Brian White | July 19, 2018 | Court
Navigating the process of filing an insurance claim and gaining compensation for your injuries can be difficult, especially when you don’t know what to expect. Being familiar with the legal procedures that follow a car accident can help you better prepare for what comes next. Learn how a legal proceeding works when you file a claim against an insurance company for compensation for economic and non-economic losses.
The Basics of Car Accident Claims
The vast majority of car accident claims follow a settlement process, which means you will likely never see the inside of a courtroom (exceptions to this rule exist, however). More often, insurance companies want to settle a car accident claim through the process of negotiation, not litigation.
The settlement procedures vary based on the insurance structure and applicable state laws. Texas, for example, is a traditional fault state when it comes to car accidents. This essentially means that you’re free to pursue an insurance claim against an at-fault driver to compensate for your injuries and other damages. Once you file an official claim with an at-fault driver’s insurance company, the negotiations and settlement process officially begin.
Timeline of a Settlement
Settling a claim is another term for handling the matter out of court, without the need for a trial. When you file a claim with an at-fault driver’s insurance company, you’re essentially asking for reimbursement for your economic and non-economic damages, which may include medical bills, lost wages, pain, suffering, and other losses.
The amount of your settlement depends on a number of factors, including the severity of your injuries and the amount of property damage involved. One of the first steps of the process is gathering evidence that supports your claim. An insurance claims adjuster will likely ask for information like medical records, treatment plans, receipts, photos of the accident scene, eyewitness testimony, and more.
Typically, a claim begins with a demand letter, in which you (or your attorney) will explain the extent of your injuries and other damages. After an investigation into your accident, the insurance company will either choose to deny or accept liability for the claim.
During this settlement process, keep a couple of important elements in mind:
- Never sign any documents, agree to recorded statements, or release your medical records to an insurance company without approval from an attorney. Insurance companies are in the business of paying out as little on your claim as possible. As a result, they can ask leading questions or twist your words in order to reduce the amount of your settlement. Additionally, releasing medical records before the full extent of your injuries manifest can also lead to additional hurdles in the negotiations process.
- Never accept the first settlement offer. This initial offering is a jumping off point for negotiations and often deserves a counter. Your car accident attorney will play an important role in the negotiations process, fighting on your behalf for full compensation for your injuries and other damages.
What If the Insurance Company Denies a Claim?

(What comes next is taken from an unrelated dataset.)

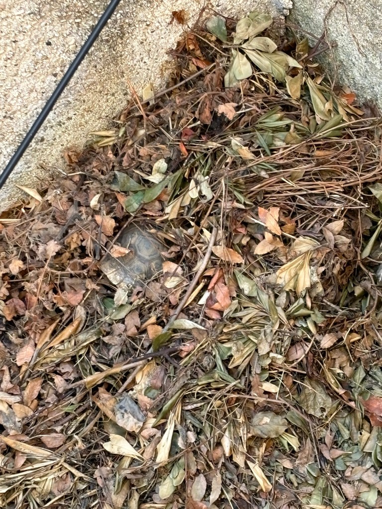 Da stanotte però è arrivato un vento gelido da nord con tanta pioggia ⛈️ e la temperatura è scesa a 13 gradi o forse anche meno. Ecco perché la mia tartaruga meteorologa con un po’ di anticipo si era preparata per affrontare al meglio questa situazione forse un po’ anomala anche per il suo standard.

In some cases, an insurance company will deny a claim of liability following a car accident. In this case, you’ll likely want to file an appeal with the claims adjuster. Again, having an attorney to help with the process will be integral to your case: he or she can help ensure an insurance company is acting in good faith, and can begin the process of litigation should it become necessary. Ultimately, having an attorney involved encourages an insurance company to take your claim more seriously.
The legal processes following a car accident can be complex and benefit from the guidance of an attorney. Knowing what to expect is the first step of navigating your car accident claim successfully.